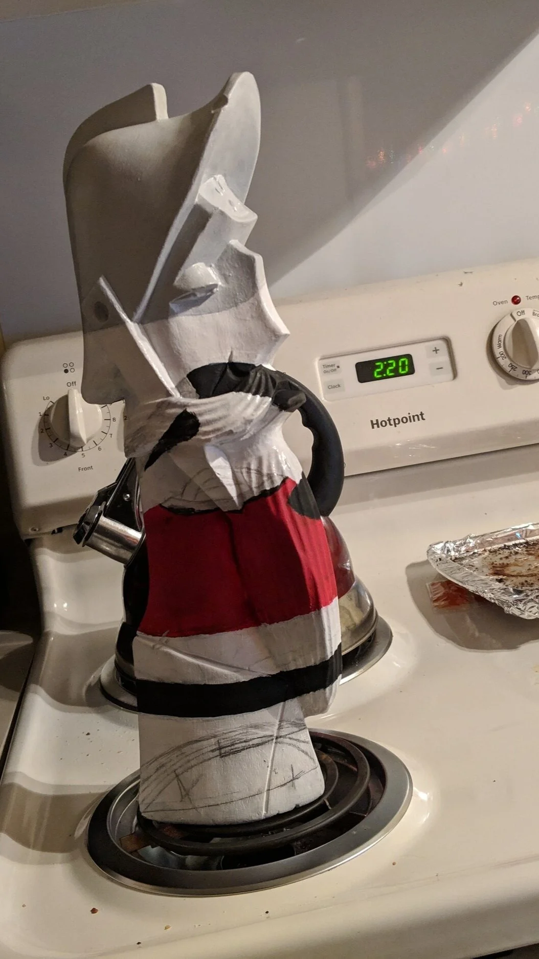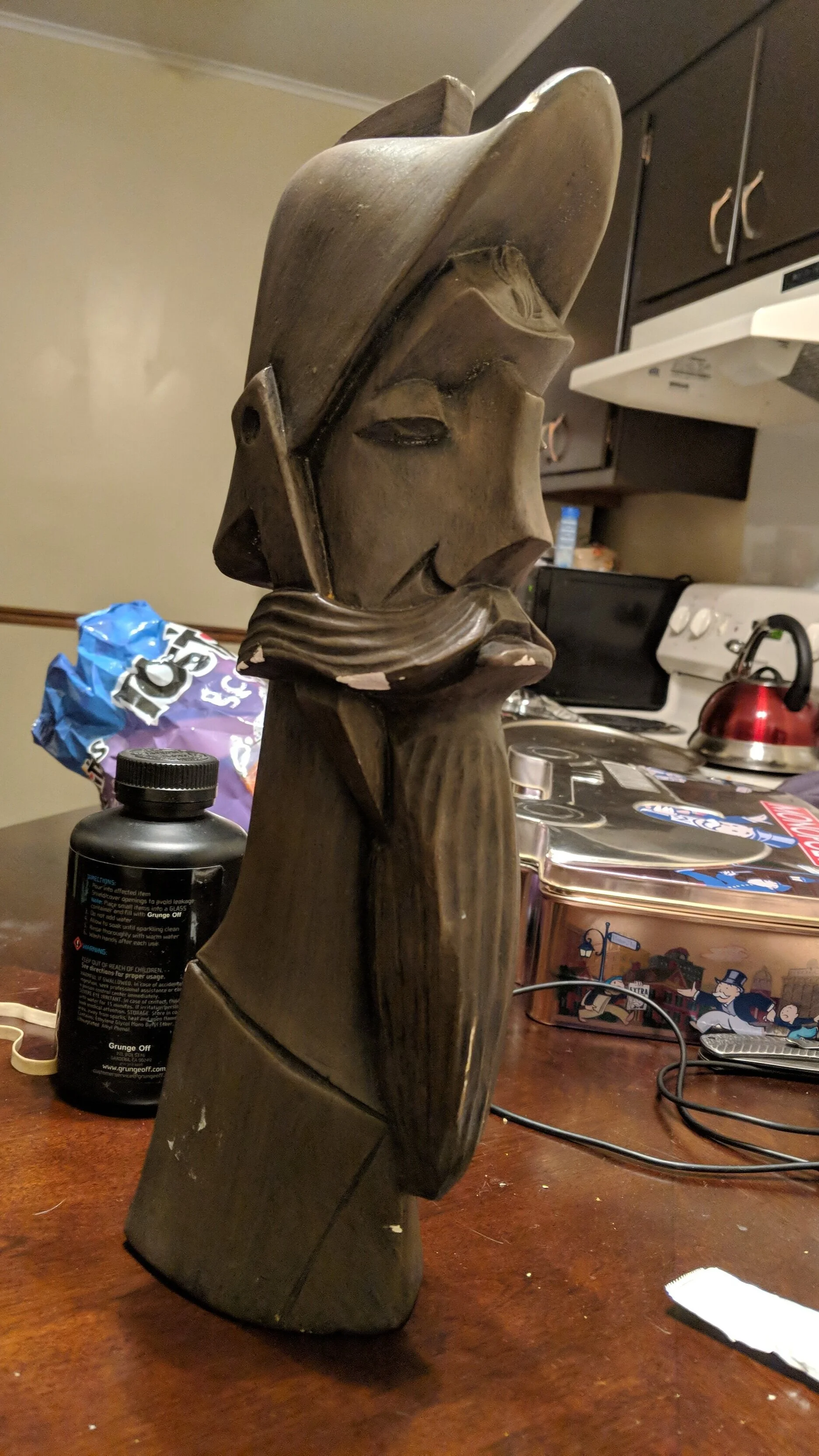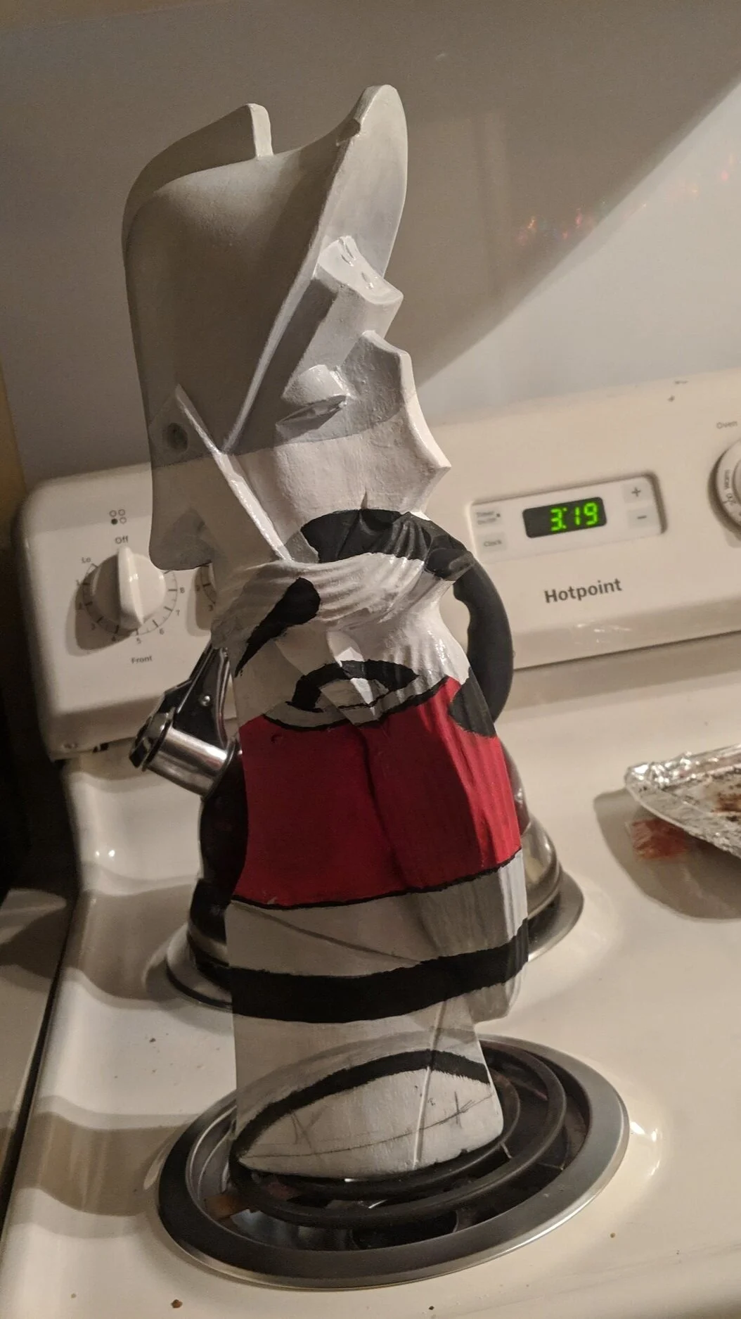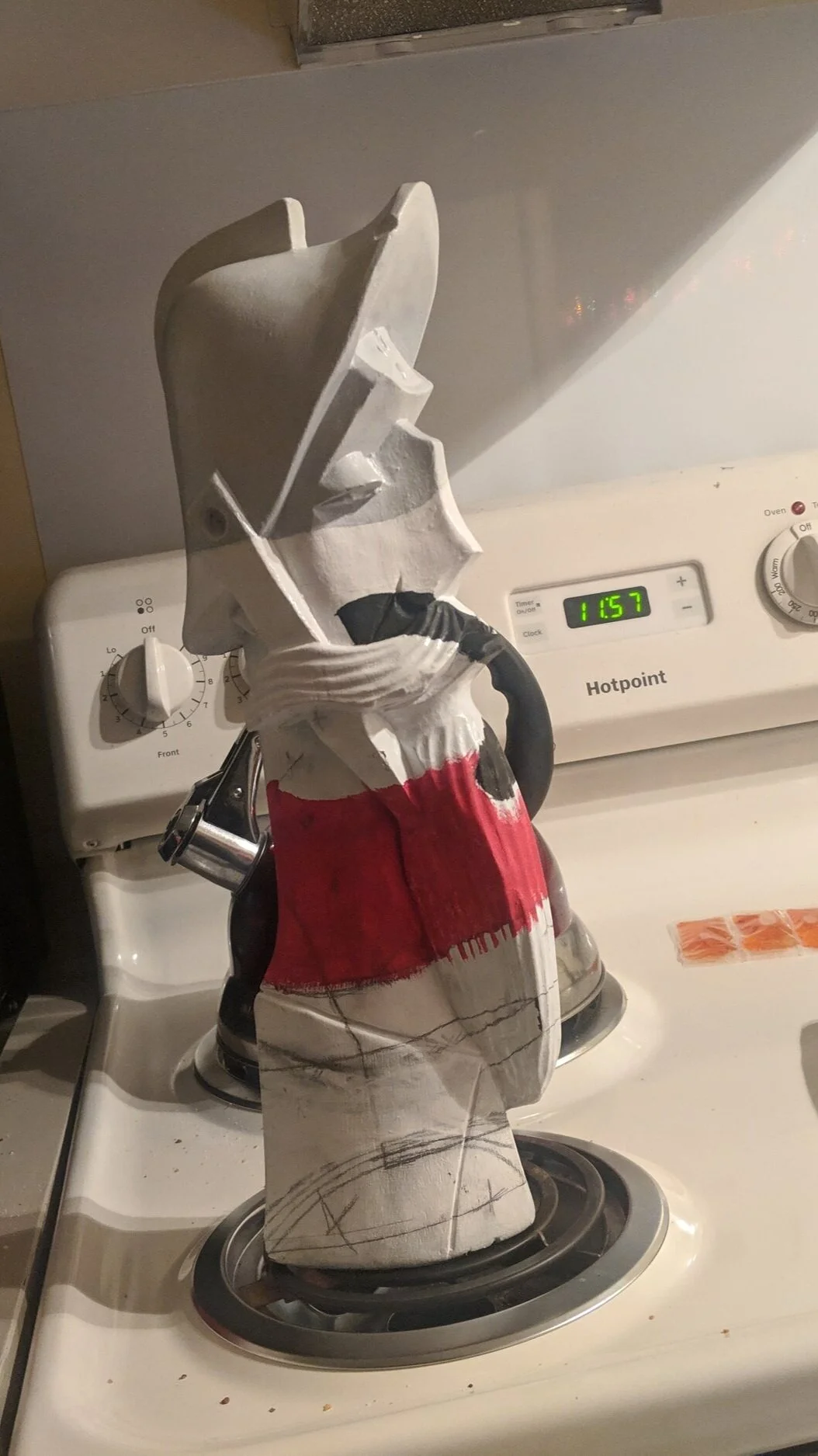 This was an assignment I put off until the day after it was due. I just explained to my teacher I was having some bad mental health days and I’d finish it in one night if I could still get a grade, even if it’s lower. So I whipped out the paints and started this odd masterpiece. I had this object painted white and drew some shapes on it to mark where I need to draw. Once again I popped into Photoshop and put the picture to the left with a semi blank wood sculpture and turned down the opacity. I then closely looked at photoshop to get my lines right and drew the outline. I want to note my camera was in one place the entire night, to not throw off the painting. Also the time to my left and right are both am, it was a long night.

--

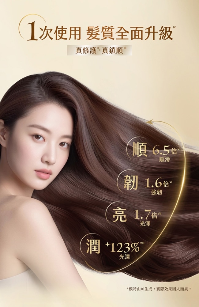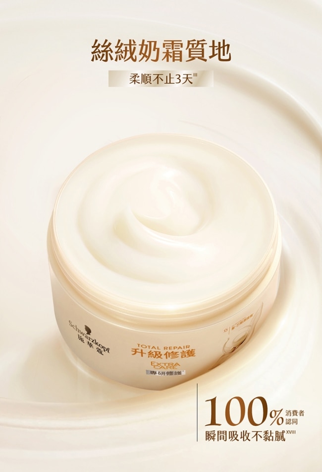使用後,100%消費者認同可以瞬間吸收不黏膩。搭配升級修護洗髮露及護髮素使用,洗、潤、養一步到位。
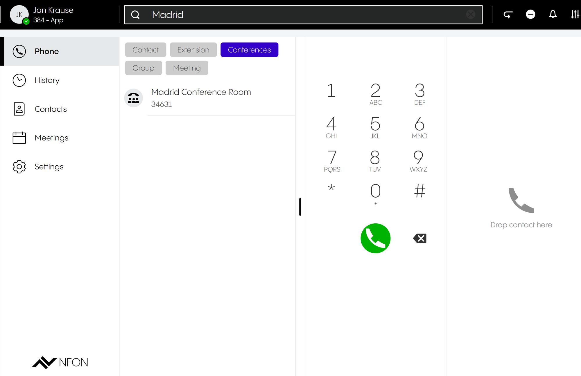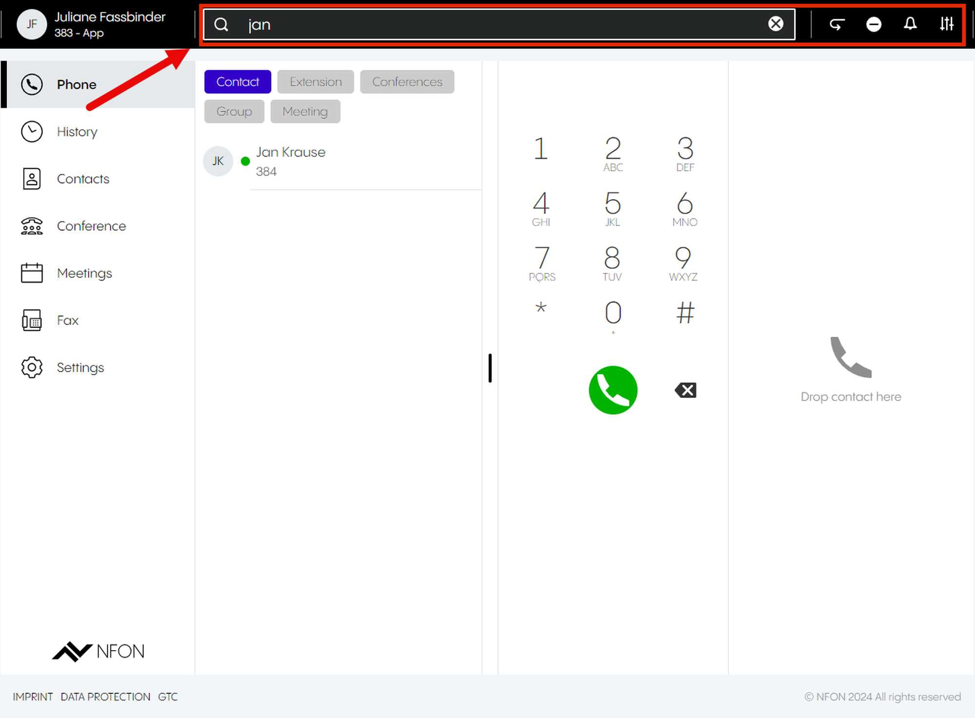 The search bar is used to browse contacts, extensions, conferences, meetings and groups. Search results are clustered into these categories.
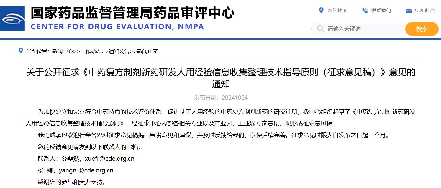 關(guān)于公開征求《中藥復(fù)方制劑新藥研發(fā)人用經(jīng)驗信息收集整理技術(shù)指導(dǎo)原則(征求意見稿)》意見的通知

Exercise prompt – Excluding any pictures, print exactly the lines of the listing above from the line with "使用後,100%消費者認同可" to the line with "關(guān)于公開征求《中", both ends included.

Solution to this exercise –
使用後,100%消費者認同可以瞬間吸收不黏膩。搭配升級修護洗髮露及護髮素使用,洗、潤、養一步到位。
 The search bar is used to browse contacts, extensions, conferences, meetings and groups. Search results are clustered into these categories.
 關(guān)于公開征求《中藥復(fù)方制劑新藥研發(fā)人用經(jīng)驗信息收集整理技術(shù)指導(dǎo)原則(征求意見稿)》意見的通知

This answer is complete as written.